Probably more interesting than the 4.8 release.

TIPSIO - 19 minutes ago

Seems like they might be hinting that if you are not a billionaire or multi-billion dollar company you will just get a limited and nerfed Claude Code slash command /mythos-security-audit or something.
Hope this isn’t the case and that normal average Joe’s of the world don’t get policed out of access.
- an hour ago

[deleted]
huflungdung - 10 minutes ago

[dead]

simonw - an hour ago

I generated pelicans riding bicycles on both thinking level low and thinking level high:

https://gist.github.com/simonw/68560eddb0b268a8417f80ceb7304...

The high one is notably better - the bicycle frame is the correct shape, unlike thinking level low.
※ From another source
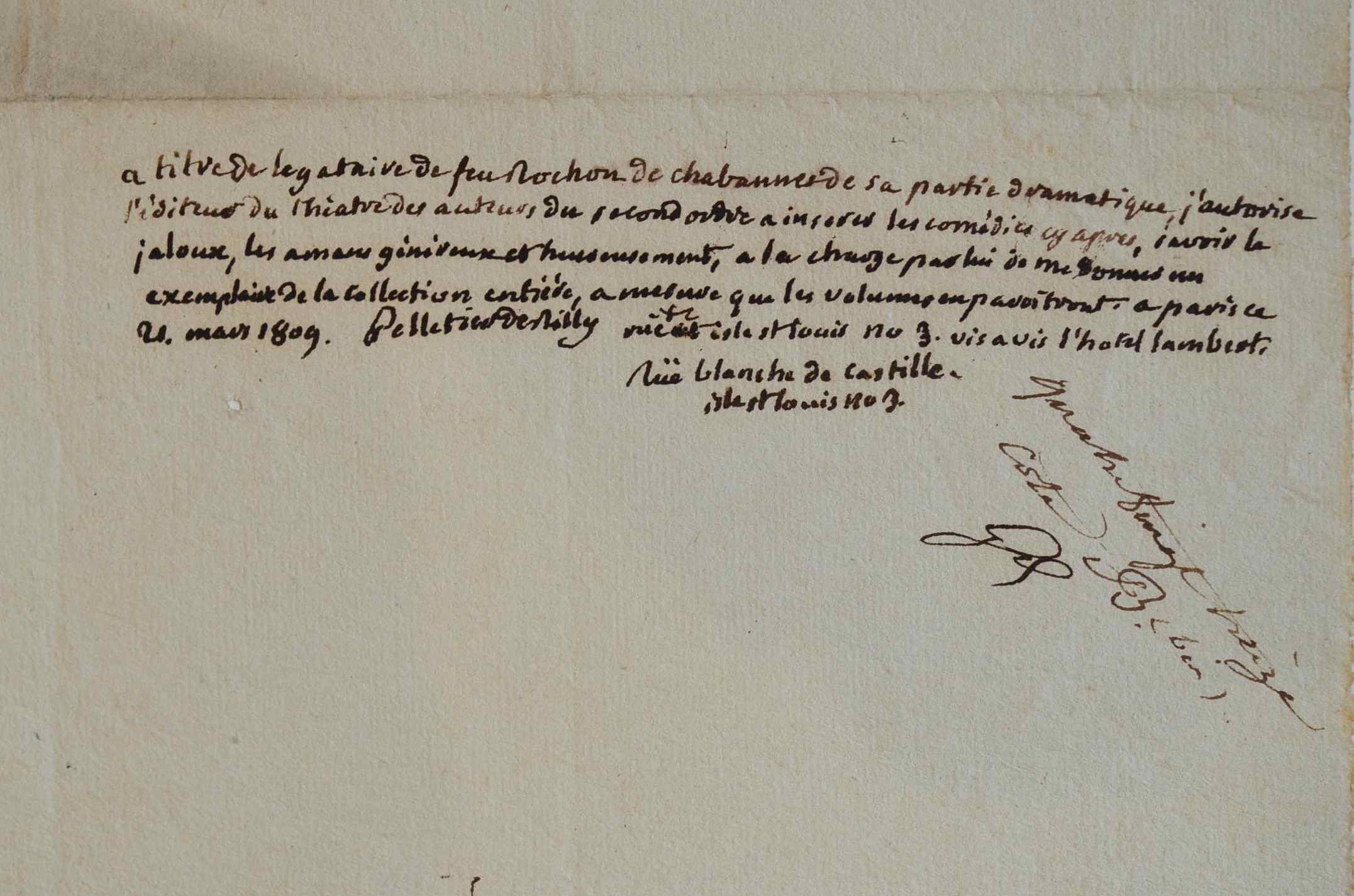 «A titre de légataire de feu Rochon de Chabannes de sa partie dramatique, j'autorise l'éditeur du Théâtre des auteurs du second ordre à insérer les comédies cy-après ; savoir Le Jaloux, Les Amans généraux et Heureusement, à la charge pour lui de me donner un exemplaire de la collection entière, à mesure que les volumes paraîtront.» Il s'agit du Répertoire général du Théâtre français, dont le tome (tome 50) consacré à Rochon de Chabannes, parut en 1813. Le document est rédigé et signé par Pelletier de Rilly. [Marc-Antoine-Jacques Rochon de Chabannes (1730-1800), chargé d'affaires de France à Dresde, est l'auteur de nombreuses pièces, la plupart données au Théâtre-français].

For comparison, here's Opus 4.7: https://gist.github.com/simonw/afcb19addf3f38eb1996e1ebe749c...

Xunjin - 38 minutes ago

Hey simonw I love your test, do you think using thinking level "max" makes sense for this test? I would love to see the results about it.
ceroxylon - 28 minutes ago

I really like that thinking level high gave the pelican a helmet.
yanis_t - an hour ago

Simon, is your pelican test really captures differences among models or should you at least try like 10 times or something to average the random effects
- simonw - an hour ago
  
  I've been meaning to do a "run 3 times and pick the best" version for quite a while, I should really pull the trigger on that one. Currently it's one-shot only.
  - xiphias2 - 13 minutes ago
    
    Best-of-3 would be cheating, ruin the test, middle of 3 makes more sense
jonas21 - 41 minutes ago

Glad to see that the "high thinking" level adds a helmet. Always a smart choice.
spmartin823 - 29 minutes ago

You've peed in the pool Simon, this has to be a part of the internal evals by now! You got to try something new - maybe a panda in a canoe?
nickvec - an hour ago

Is the "opossum riding an e-scooter" benchmark in the works for Opus 4.8? ;)
- simonw - 42 minutes ago
  
  Good call, it's cute: https://gist.github.com/simonw/68560eddb0b268a8417f80ceb7304... - but nothing like GLM-5.1: shttps://static.simonwillison.net/static/2026/glm-possum-esco...
- 3738384848 - 24 minutes ago
  
  [flagged]
onlyrealcuzzo - an hour ago

4.7 reigns supreme IMO.
1attice - 43 minutes ago

That little red hat on hard mode is sending me. 4.8 has whimsy

onlyrealcuzzo - an hour ago

Does anyone troll these releases and cherry pick random metrics other companies would cherry pick to show how amazing their models are?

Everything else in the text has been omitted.